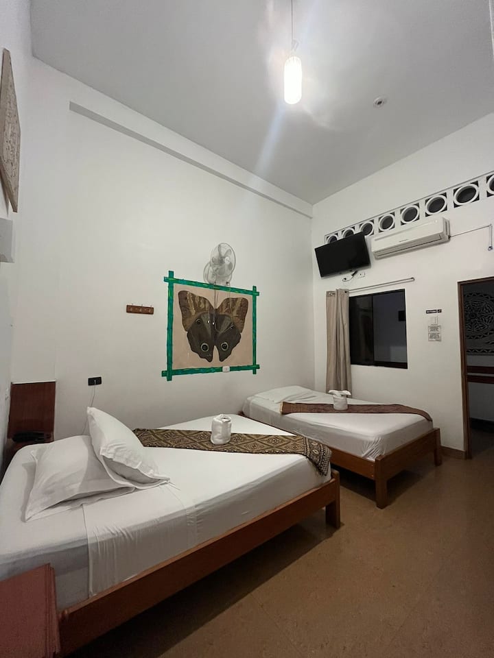 تحتوي الغرف على مكيف هواء، وهي مثالية لمناخنا الاستوائي؛ ومياه ساخنة وخدمة واي فاي وتلفزيون كابل.
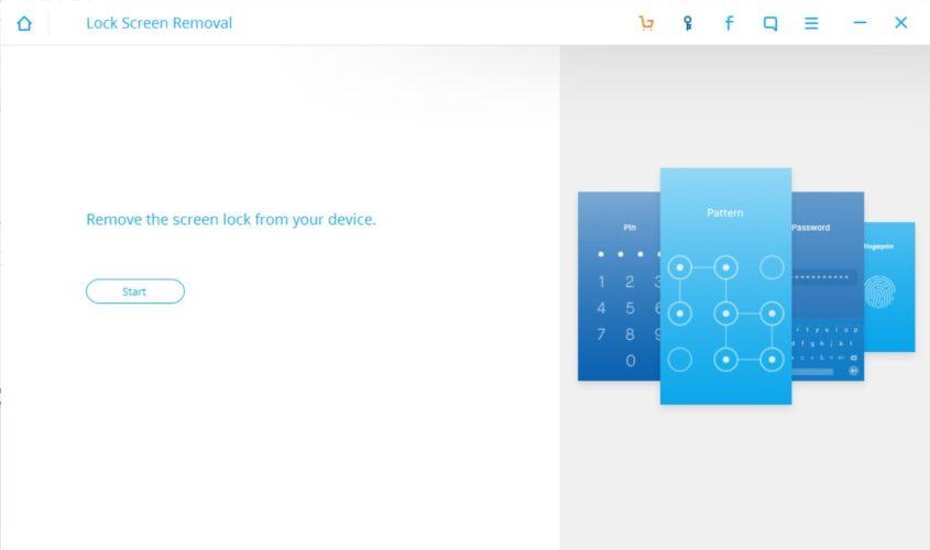 Запустите программное обеспечение на своем компьютере и выберите «Блокировка экрана». Затем используйте USB-кабель для подключения телефона Samsung к компьютеру. На этом этапе интерфейс программы, как показано ниже, нажмите «Пуск».
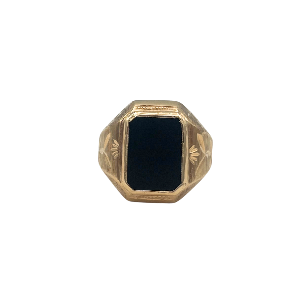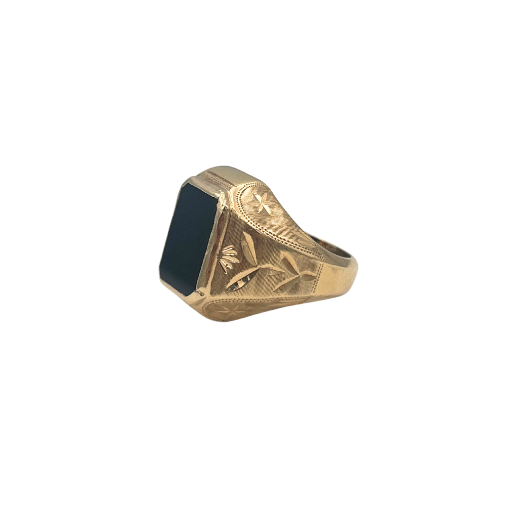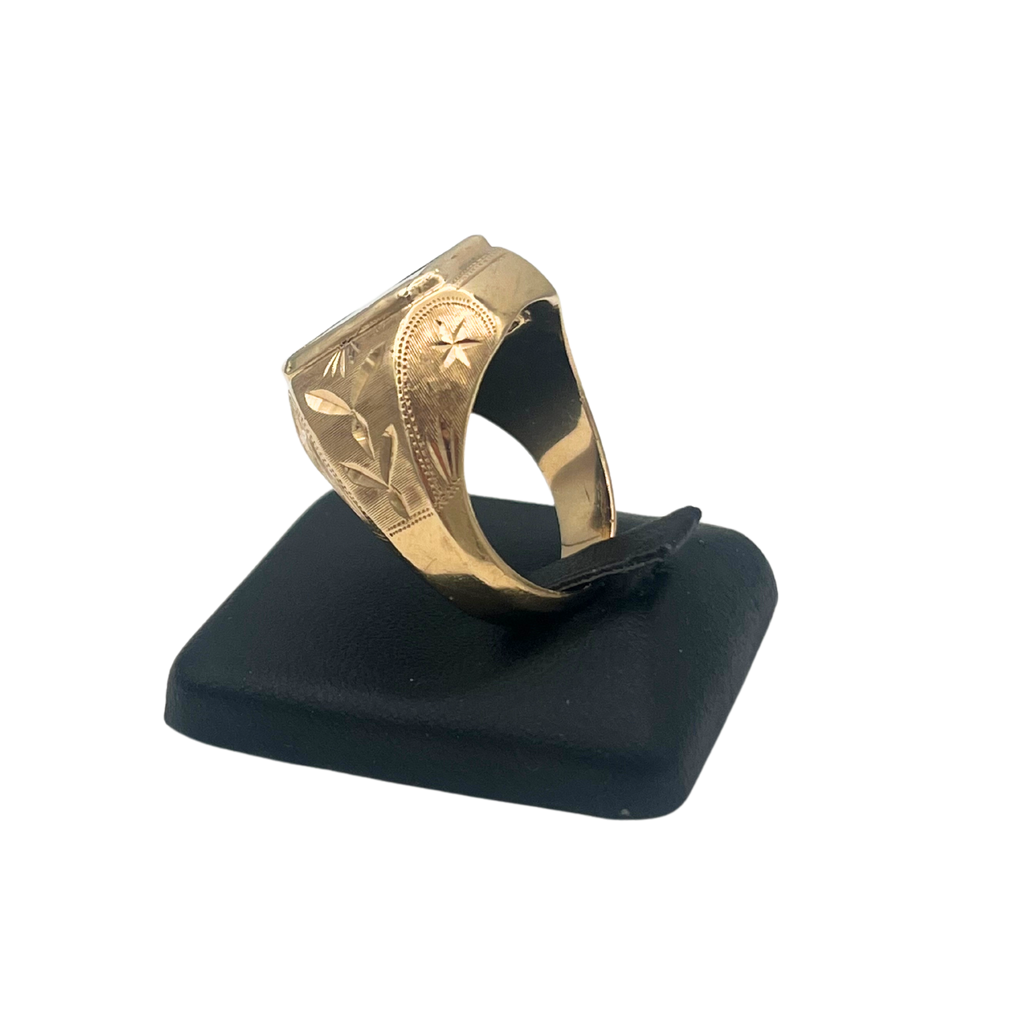 A stunning Hand engraved men's ring in 14k yellow gold.

- - - - -

** WORK ITEM **
Give every line above again exactly, omitting whatever pictures appear.

** RESPONSE BELOW **
 تحتوي الغرف على مكيف هواء، وهي مثالية لمناخنا الاستوائي؛ ومياه ساخنة وخدمة واي فاي وتلفزيون كابل.
 Запустите программное обеспечение на своем компьютере и выберите «Блокировка экрана». Затем используйте USB-кабель для подключения телефона Samsung к компьютеру. На этом этапе интерфейс программы, как показано ниже, нажмите «Пуск».
 A stunning Hand engraved men's ring in 14k yellow gold.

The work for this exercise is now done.